Nothin' but Net: Jackson passed the first test

Philadelphia, PA ( - In some situations life throws at us, victory can be claimed by showing up and not falling over.

Other situations require more tact and craft. A person has to be able to work a room, either through charisma or candor.

Phil Jackson needed to handle Tuesday's introductory press conference as new president of the New York Knicks with the necessary aplomb to assuage several different masters.

Mission accomplished.

Jackson had questions to answer for on Tuesday and did a pretty sterling job.

For starters, he handled the easy, logistical stuff solidly.

Jackson has a five-year contract, terms of which were not announced, but safe to say, he'll make more than you.

To the delight of some Soho realtor, Jackson will live in New York. It's too difficult a job to do from his ranch, or from the beach in L.A., plus, living in Manhattan, or wherever, shows a clear signal to the skeptic Knicks fan that he's serious (he'll still have to go to LA for medical appointments and his fiance lives there).

Jackson is the president of the Knicks. Basketball decisions are his. Oh sure, Steve Mills is still with the team as the general manager, and both report to owner James Dolan, but Jackson is the one in charge.

With the line of succession confirmed, the most important thing on the mind of anyone involved with the Knicks, be it a front office man, Spike Lee or a regular schmoe from Newark: what is next for Carmelo Anthony?

"I have no problem committing to saying Carmelo is in the future plans," Jackson said.

There it is, despite shredding the Knicks roster in an interview with "Real Sports with Bryant Gumbel" before the season, and insinuating Anthony's stagnant nature with the ball hurt the flow, Jackson wants Anthony to stay in New York.

Of course, he does. The Knicks job isn't a rebuilding one, like the Philadelphia 76ers or Utah Jazz. Jackson won't have the luxury of first-round draft picks through much of his contracted tenure, and Dolan has money to burn. The Knicks will have millions free after next season when Tyson Chandler, Amare Stoudemire and Andrea Bargnani will most likely not be retained.

Jackson appeared to realize the grim nature of a rebuilding situation, at one point stating that his focus will actually be more on NBA players who haven't gotten a chance yet over college kids to round out his roster.

Some of what Jackson said was mildly discouraging, but mildly at the worst. He sounded like a man who won't be making many scouting trips, once joking about Kiev and once joking about how his body couldn't handle sitting in high school gyms.

It also sounded like Jackson wants everything to do with the basketball side and nothing to do with the business side.

Maybe that's why Mills is still here.

"With his ability to know workings of the NBA, knowing all the crooks and crannies in that space, and also relationships with agents, I think we have a teamwork situation here that'll be swift," Jackson said of Mills.

Freudian slip aside, Jackson will still rely on others for the grunt work.

But, more importantly than his thoughts on Anthony, or whether he'll be at the Portsmouth Invitational Tournament, was Jackson's presence. That's what Dolan hired him for, as much as his basketball mind, it was for the aura of Phil Jackson.

And Jackson played the part.
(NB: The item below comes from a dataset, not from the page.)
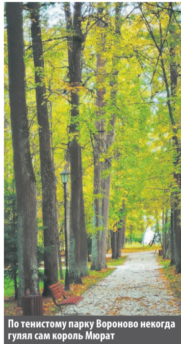
По тенистому парку Вороново некогда гулял сам король Мюрат

рал-губернатора Москвы во время наполеоновского нашествия, собственноручно поджег усадьбу в сентябре 1812 года, чтобы она

He looked like a leader, a face of a franchise.

He made his opening statements without a single note.

He spoke beautifully about his ties to New York, not just the Knicks, but the city, and its significance.

He spoke to the fans to soothe their concerns.

He tried to reassure the media that, yes, there will be times the brass is quieter than a POW, but that won't be the norm. That's a huge concern because Dolan and his minions are legendary for tight-lippedeness.

"I will try to monitor my blabber-mouth," he joked.

Things will get worse and quickly for Jackson. The Knicks are still a long shot to make the Eastern Conference playoffs. There's just four weeks and one day left in the 2013-14 regular season.

Immediately after, Jackson begins his courtship of Carmelo. Jackson will most likely have to hire a new coach and he'll have to mine the rosters, or "work the bushes," as he said, to fit his "system-based basketball."

It's another season of probable mediocrity, then the real work begins one year and three months from now.

Until then, it's one hurdle down, several more to go.

"We're not anticipating time. We're going to make one step at a time," Jackson said.

It's the right philosophy and at least Knicks fans have a face from which to believe. Phil Jackson is now the New York Knicks. The onus falls squarely on him.

Whether he's at all qualified remains a mystery, but Jackson gave Spike Lee and everyone else cause for faith. Unconditional faith might be too much to ask, but Jackson passed the first test.